** Try it **
Exact copy, pictures excluded: print the lines from the one with "There were however" through the final line of the records.

******

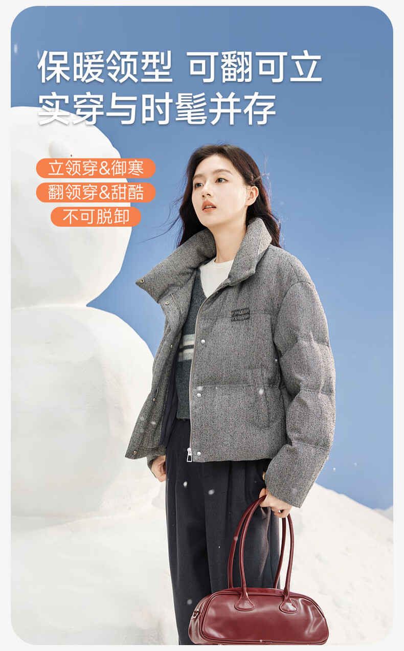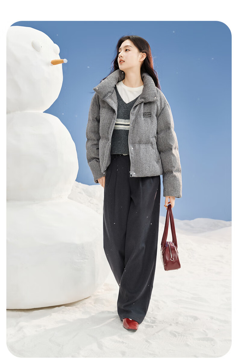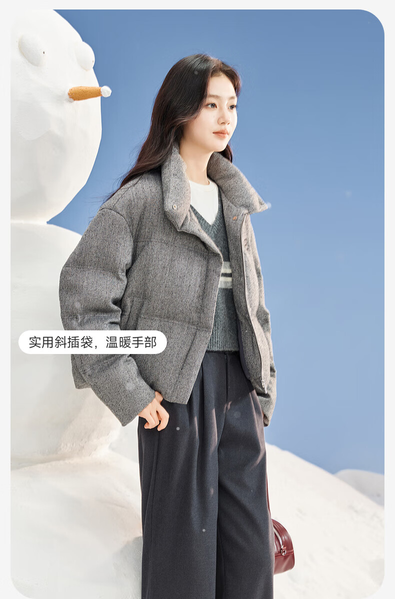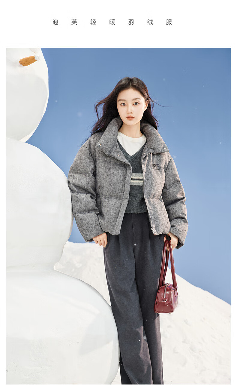 Xiangying Stand Collar Gray Down Jacket Women's Short 2025 Winter New Small High-end Bread Jacket Gray S
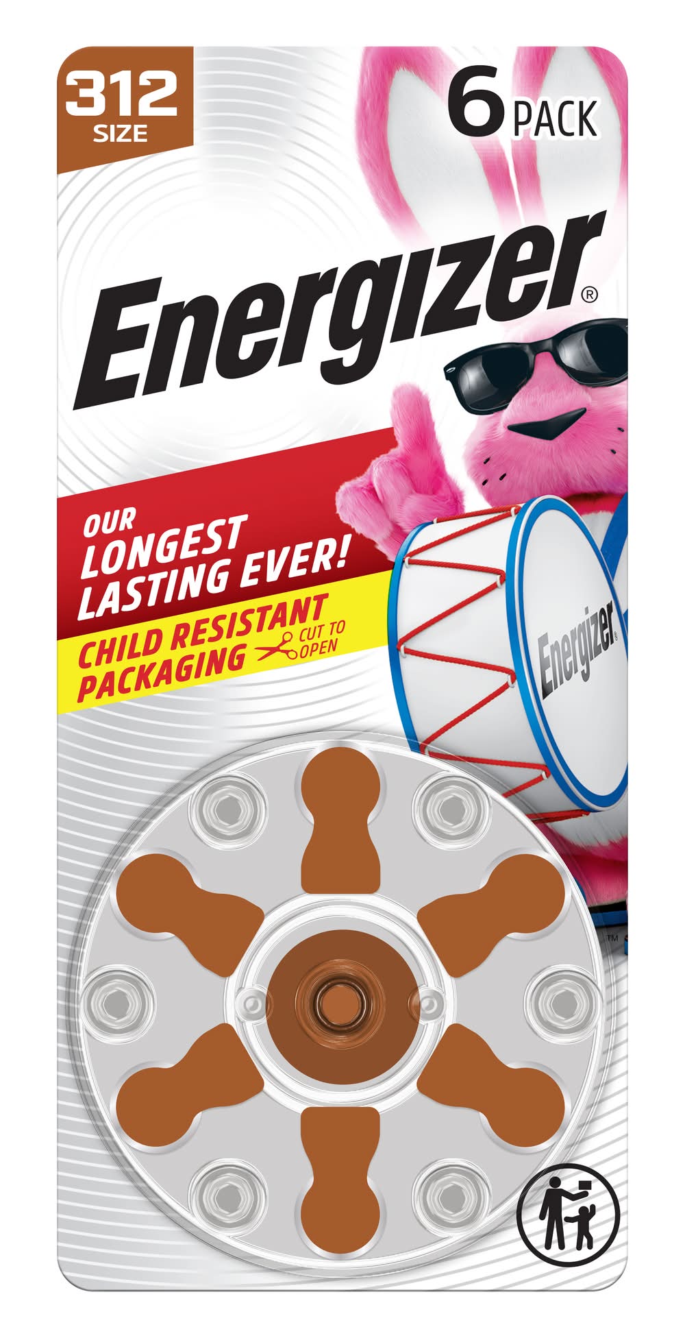 Energizer Hearing Aid Batteries, 312, Brown (6 ct)
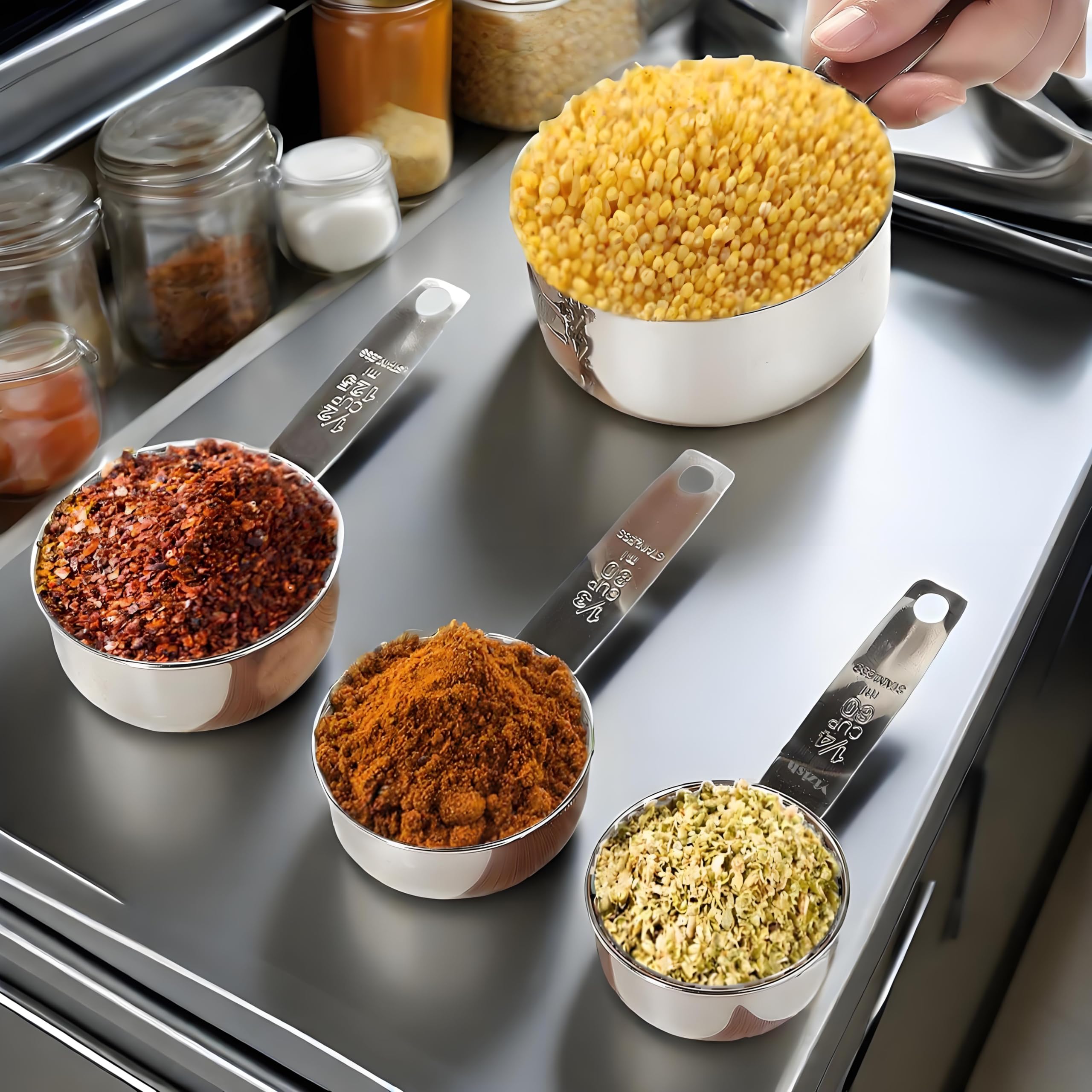 Um ein Gericht zubereiten zu können, müssen Sie die Richtung und die richtige Messung befolgen. Das richtige Messen ist ein wesentlicher Bestandteil des erfolgreichen Backens und Kochens. Glücklicherweise ist das Kochen mit Yizish Edelstahl Messwerkzeugen schnell und gibt Ihnen ein akkurates Mass für Rezepte ohne den Ärger.
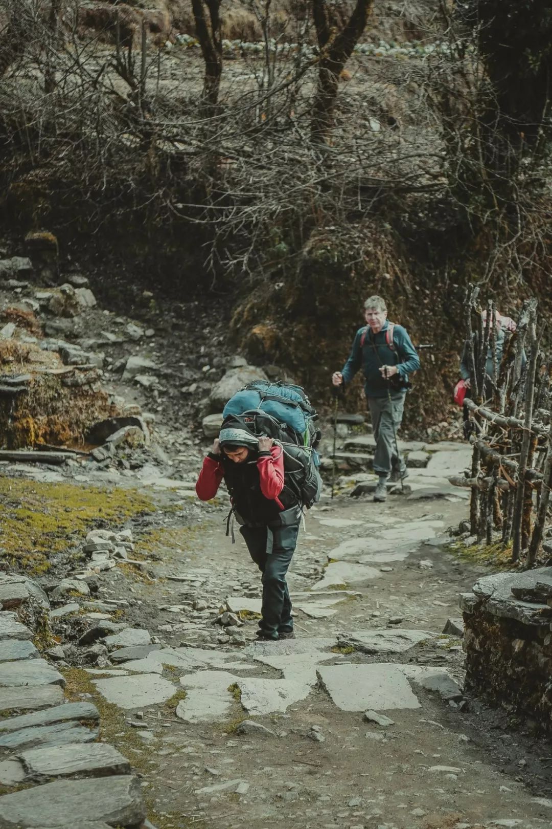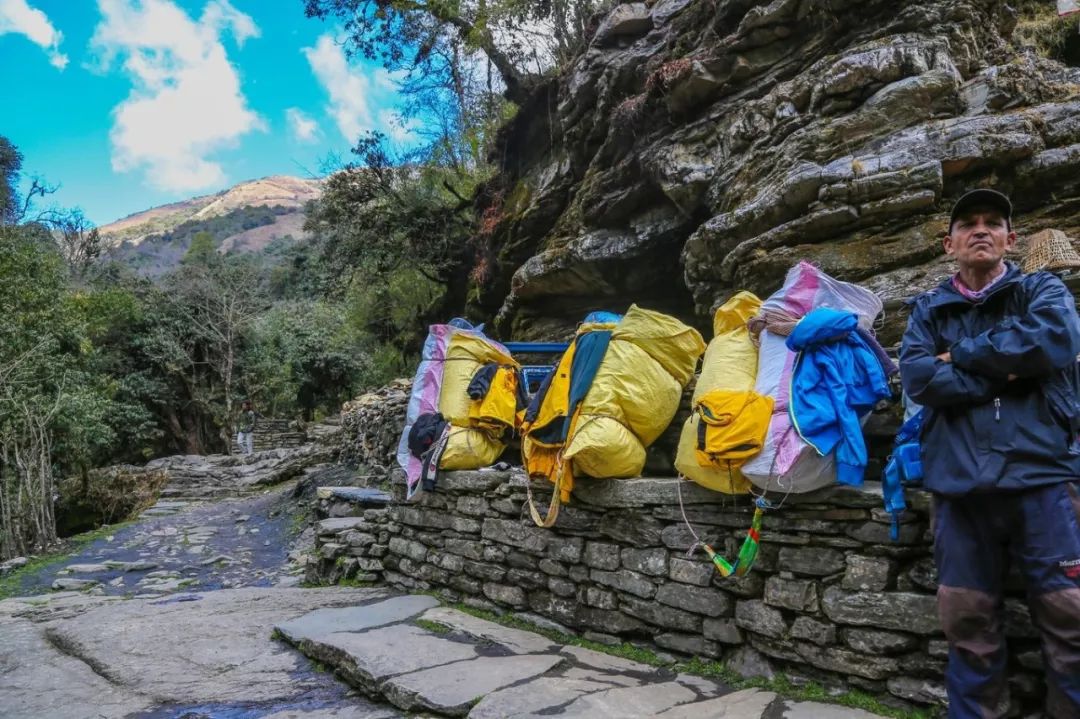 在徒步过程中你可以看到一路会有很多背夫与我们擦肩而过,他们都是最普通的尼泊尔老百姓,基本上都没有上过学,当然也可以理解是贫困人家的孩子,从 17 岁到 40 多岁,什么年龄的都有。
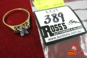 A STAMPED 18CT YELLOW GOLD, 1 BLUE STONE AND 2 DIAMOND RING. 1 EMERALD CUT BLUE STONE = 5.5MMX4.1MM DIAM AND 2 SINGLE CUT DIAMONDS OF 0.015CT EACH APPROX VALUATION $125.00, 3.7 WEIGHT, 17.4MM DIAM (IMS NO 221112 0130 14453/19) (KF3295)
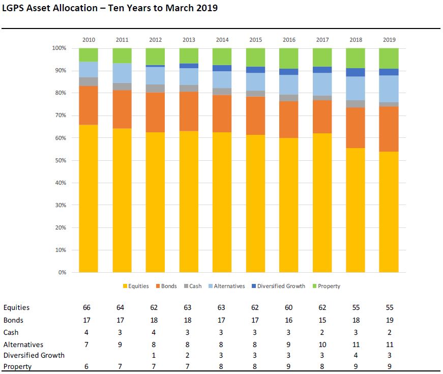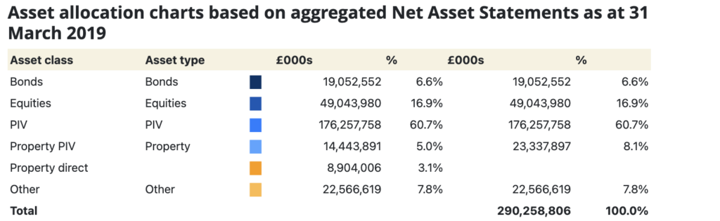 There were however a number of changes beneath that which took place during the year. These included a move into ‘green’ investments across a range of funds, a continued investment into enhanced index / smart beta investments including low volatility and an increase in the level of passive equity investment. Bond investment became more diverse as funds invested into multi-asset credit, private debt and secured property income funds. The move into pooled assets began in a significant way which meant fund manager changes were well up on average. Interestingly fund complexity continued to increase.
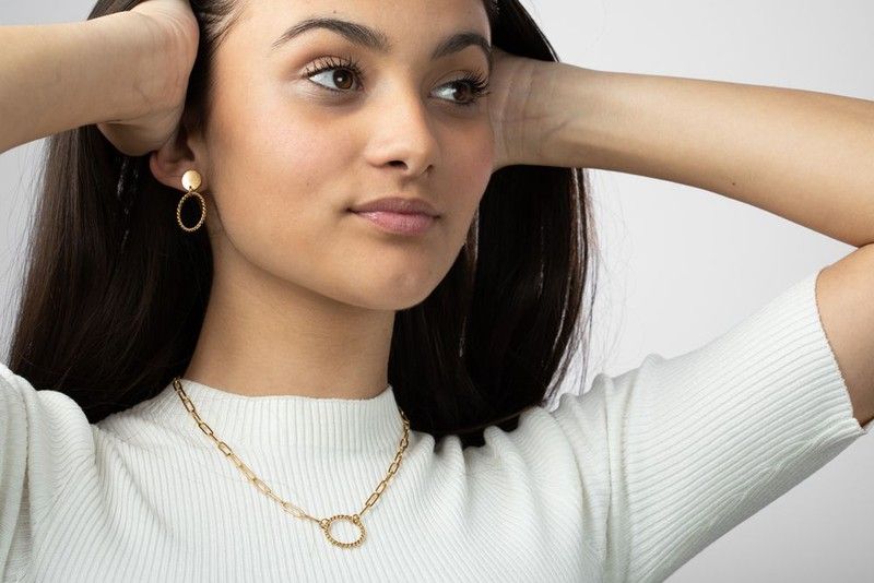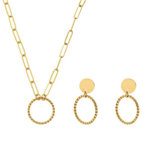- Collar y pendientes de acero dorado.
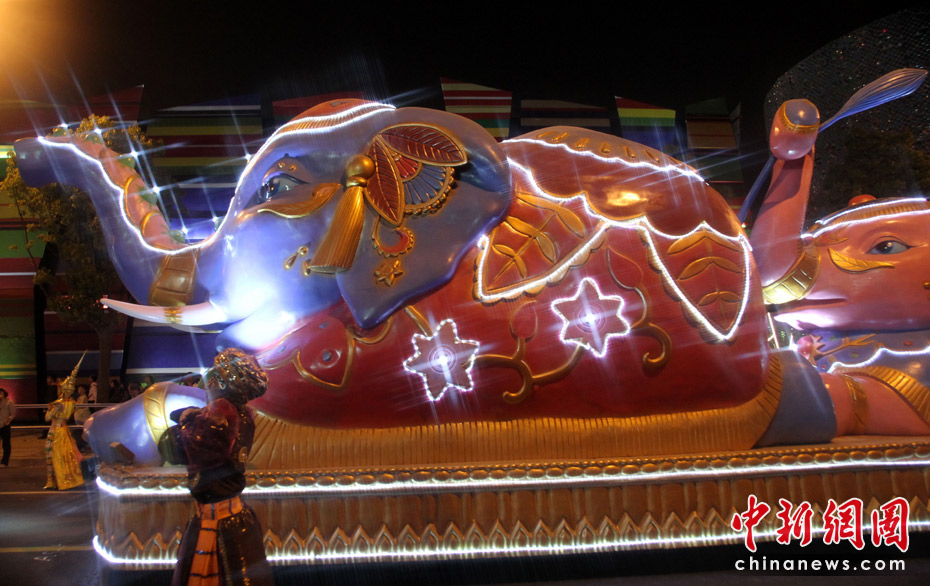 5月2日晚,由一輛輛充滿異域風情的花車和身著盛裝的表演者組成的“歡樂盛裝大巡游”在世博園區舉行。中新網記者 蘇丹 攝

******

** Exercise answer **
 There were however a number of changes beneath that which took place during the year. These included a move into ‘green’ investments across a range of funds, a continued investment into enhanced index / smart beta investments including low volatility and an increase in the level of passive equity investment. Bond investment became more diverse as funds invested into multi-asset credit, private debt and secured property income funds. The move into pooled assets began in a significant way which meant fund manager changes were well up on average. Interestingly fund complexity continued to increase.
- Collar y pendientes de acero dorado.
 5月2日晚,由一輛輛充滿異域風情的花車和身著盛裝的表演者組成的“歡樂盛裝大巡游”在世博園區舉行。中新網記者 蘇丹 攝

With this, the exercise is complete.